Un nouveau piège informatique se dessine à l’horizon du développement logiciel. Le Slopsquatting, fruit toxique des hallucinations d’IA, menace déjà les chaînes de production logicielles.
Ce terme inquiétant, contraction de slop (bavure) et squatting (squat), décrit une pratique insidieuse : détourner des erreurs inventées par une IA pour infiltrer un virus dans une application.
Les modèles d’IA générative sont puissants, mais pas infaillibles. En générant des lignes de code mot par mot, ils peuvent halluciner des instructions sans fondement. Par exemple, une IA pourrait inventer une commande comme « pip install super-logiciel » pour résoudre un problème fictif. Ce super-logiciel n’existe pas, mais l’IA ne le sait pas. L’erreur, souvent ignorée, pourrait être récupérée par un pirate.
Et c’est là que commence le danger. Un hacker malveillant peut créer un package réel nommé super-logiciel contenant un malware. Le développeur, qui pense suivre une instruction fiable, l’installe dans son projet… et intègre sans le vouloir un code malveillant dans son application.
Des chiffres alarmants sur l’ampleur du phénomène
Un rapport d’experts publié en mars 2025 a levé le voile sur l’ampleur du risque. Sur 576 000 générations de code, près de 19,7 % contenaient un nom de package inexistant. Les modèles open source s’en sortent moins bien, atteignant 21,7 % d’hallucinations contre 5,2 % pour les modèles commerciaux. Cela représente plus de 200 000 noms imaginaires qui pourraient devenir des vecteurs d’attaque.
Encore plus inquiétant : les IA répètent leurs erreurs. Une fois un faux nom inventé, il ressurgit dans 58 % des générations suivantes. Cela augmente les chances qu’il soit copié et collé dans plusieurs projets. Cette récurrence automatique favorise la diffusion de malwares à grande échelle.
La responsabilité des développeurs face à l’automatisation
Le rapport souligne surtout la confiance excessive accordée aux LLM par les développeurs. De nombreux développeurs automatisent des tâches sans toujours vérifier chaque ligne de code généré. L’erreur, au départ anodine, devient un point d’entrée potentiel pour une attaque.

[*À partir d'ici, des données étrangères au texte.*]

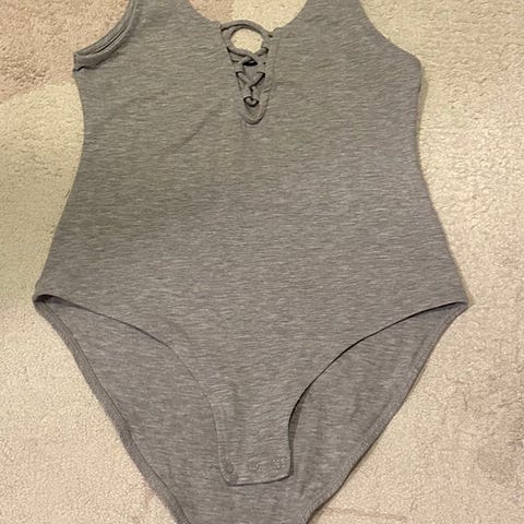 Stilig med knepping nede og åpning ved bryst. Melange grå i fargen.

Face à cela, une solution reste simple mais indispensable : vérifier manuellement chaque commande d’installation et ne jamais exécuter un nom de package sans confirmation préalable. Les IA peuvent aider, mais leur fiabilité reste conditionnelle à un contrôle humain permanent.
En somme, le Slopsquatting illustre parfaitement les nouveaux pièges d’une programmation assistée par IA. Derrière la productivité promise, se cachent des erreurs facilement exploitables par ceux qui savent attendre… et piéger les lignes de code mal écrites.